I wasn’t a very happy teenager (who is?) and wanted to leave school and home on a young age. I met a great painter (again named Peter!), a very nice and inspiring figure who offered me a room to live in his house. I did and lived a few years there which was a crucial time for the rest of my live. I watched him painting his huge Magic Realism Paintings, listened to his records mainly from the Canterbury Scene and talked and talked about Art & Music. He persuaded me to record my own music which I made possible by using Sound on Sound Technique on Tape recorders and make my own visual art. We did things with photography; we created the most amazing food and well, of course, there were some drugs around. This whole period set the pace in the right direction of what I wanted to do with my life and was so called ‘life changing’.

"For both my visual artwork and my music (and my audio artwork, which is a cumulation of the two disciplines), I think freedom is the necessary basis for creation. Freedom is necessary in a few forms to create art, whether its is audio or visual: freedom to make what you want without any restrictions: and in practice the freedom not to be disturbed by anything from real life such as daily routines like shopping — or having to pay your taxes, etc." (Photo: René van Commenée / All Rights Reserved)

What is the impact of music on the socio-cultural implications? How do you want the music to affect people?

Art, whether it’s music, visual, dance, film; any form is important in our lives. Early humans made art already; look at the wall paintings found in caves, or the flutes that were found. I don’t think we can survive without art. There are many people who think they can, a subject more and more heard in society now rightwing politics are becoming stronger and stronger. They think it is a hobby and there should be no more funding from society there. But try imagining a society without art: this also means no music on the radio whilst doing your job! No films on your TV screen! No photographs of your family on the wall! I recently read that there are societies who don’t have a word for art because it simply is incorporated in their lives! I must research more about this, very interesting!
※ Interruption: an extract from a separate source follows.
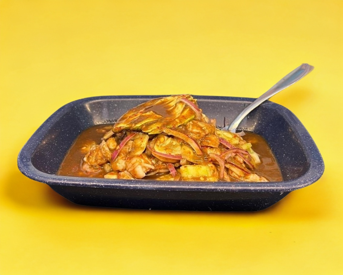 Camarones con mantequilla, ajo elote amarillo, papa cambray y salsa especial de la casa.

To answer your 2nd question; I think every artist wants to emotionally affect people. This can be in more than one way; I want to touch them deep within but also hope they just enjoy it and it makes them happy; and to drag them out of their daily routine and to take a moment to forget the cruel world outside. At the same time, with my Mr. Averell projects for instance, I try to find new ways of music which stimulate the listener to expand their thoughts and give them the opportunity to take the time to learn what the music is telling them and learn to listen to things they never heard before. Art can take time to be appreciated and to be loved. Love at first site is not always the best!

What are some of the most important lessons you have learned from your experience in the music/art paths?

LISTENING! And again: LISTENING! Technical virtuosity isn’t the most important thing to create good music. If for instance a piece of music asks for one cymbal hit, then this is what the percussionist should do. Clearly, the more technical skills you have the better; the best musicians are the ones who are technically excellent — but they are virtuosos too in listening — and do respect silence. For 12 years I was very serious and dedicated in studying North Indian Classical Music on the Indian Tabla. This was an absolute eye opener in understanding the art of music and rhythm in particular. And even though I don’t really play the Indian Tabla anymore (if you want to do this right, it should be the only thing you do live), but it is still the foundation of the way I think and work in music — and maybe even in my Visual Art.

TELL A STORY!

To keep it with drummers/percussionists, a few examples from musicians who are amazingly good in this and my personal hero’s: Joe Morello, Ferenc Nemeth, Joey Baron, Bill Bruford, Giovanni Hidalgo, Sandip Bhattacharya to name a few.

As stated earlier in this interview it works the same way for me — as I’m telling stories in my mixing and production work.